** Opening Source material block **

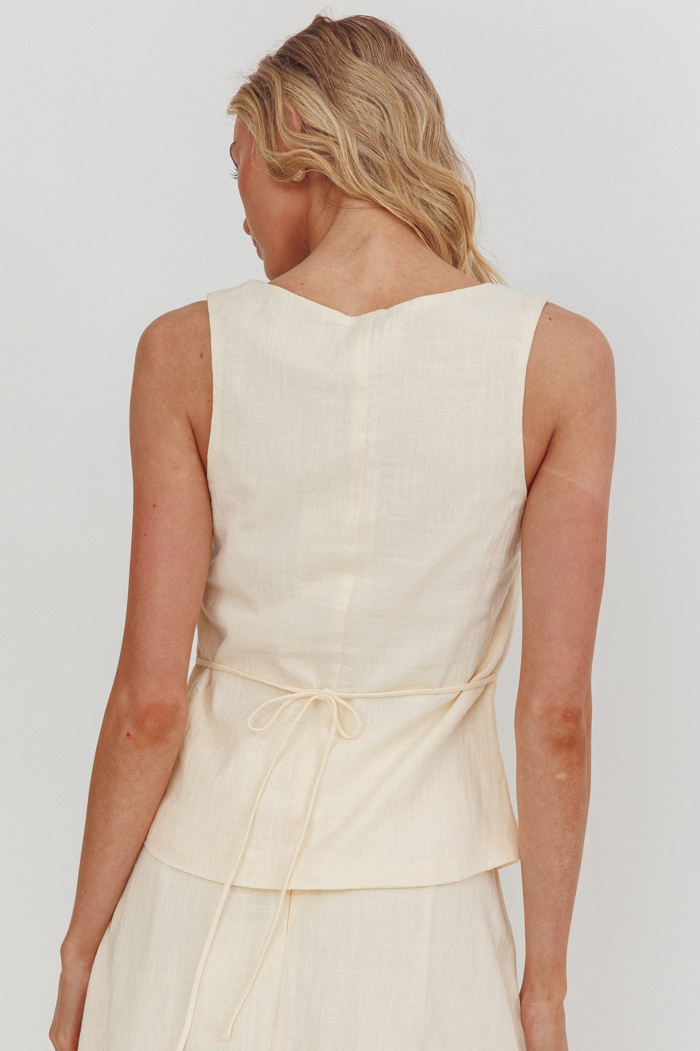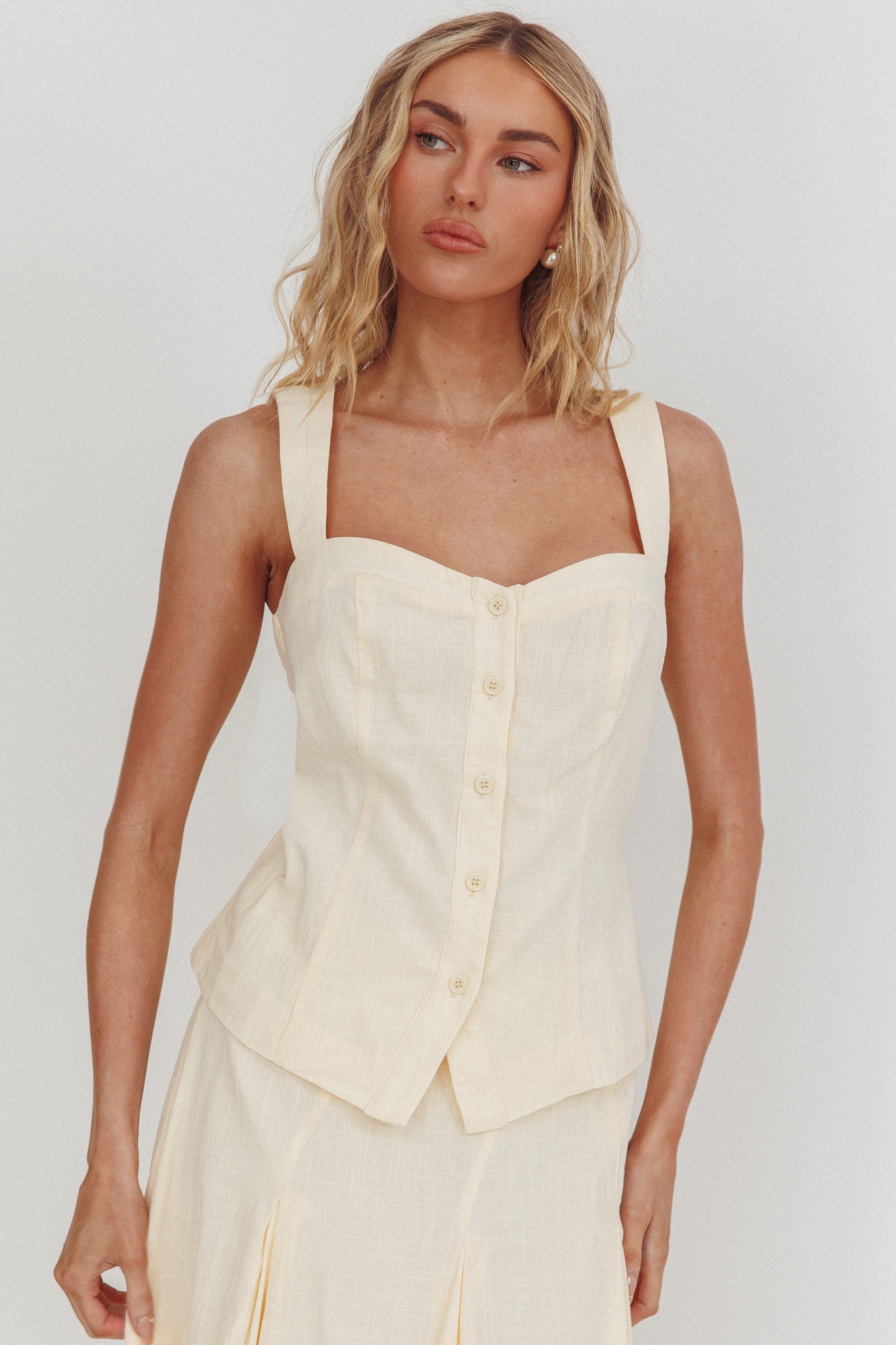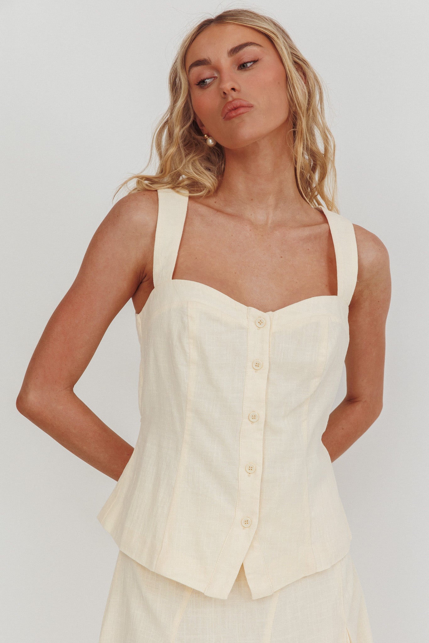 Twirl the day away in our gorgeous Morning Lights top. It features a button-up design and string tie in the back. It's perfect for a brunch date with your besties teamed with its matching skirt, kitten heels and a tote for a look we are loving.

** Closing Source material block **
** Opening Source material block **

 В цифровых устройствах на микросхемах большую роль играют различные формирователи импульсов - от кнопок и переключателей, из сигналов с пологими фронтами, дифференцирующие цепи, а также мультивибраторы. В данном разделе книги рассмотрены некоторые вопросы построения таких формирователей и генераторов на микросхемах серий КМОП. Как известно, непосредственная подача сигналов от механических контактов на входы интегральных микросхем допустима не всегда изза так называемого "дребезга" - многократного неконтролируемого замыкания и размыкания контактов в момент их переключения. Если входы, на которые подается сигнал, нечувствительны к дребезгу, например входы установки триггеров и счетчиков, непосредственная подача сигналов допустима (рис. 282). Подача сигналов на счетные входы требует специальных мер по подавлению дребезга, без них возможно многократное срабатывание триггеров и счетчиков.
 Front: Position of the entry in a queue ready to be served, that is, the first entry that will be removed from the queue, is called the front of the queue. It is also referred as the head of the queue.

** Closing Source material block **

Aim of the task:
Lines wanted from the listing above: the line with "В цифровых устройствах" up to and including the line with "Front: Position of". Please write them out exactly, adding nothing else.

Expected answer:
 В цифровых устройствах на микросхемах большую роль играют различные формирователи импульсов - от кнопок и переключателей, из сигналов с пологими фронтами, дифференцирующие цепи, а также мультивибраторы. В данном разделе книги рассмотрены некоторые вопросы построения таких формирователей и генераторов на микросхемах серий КМОП. Как известно, непосредственная подача сигналов от механических контактов на входы интегральных микросхем допустима не всегда изза так называемого "дребезга" - многократного неконтролируемого замыкания и размыкания контактов в момент их переключения. Если входы, на которые подается сигнал, нечувствительны к дребезгу, например входы установки триггеров и счетчиков, непосредственная подача сигналов допустима (рис. 282). Подача сигналов на счетные входы требует специальных мер по подавлению дребезга, без них возможно многократное срабатывание триггеров и счетчиков.
 Front: Position of the entry in a queue ready to be served, that is, the first entry that will be removed from the queue, is called the front of the queue. It is also referred as the head of the queue.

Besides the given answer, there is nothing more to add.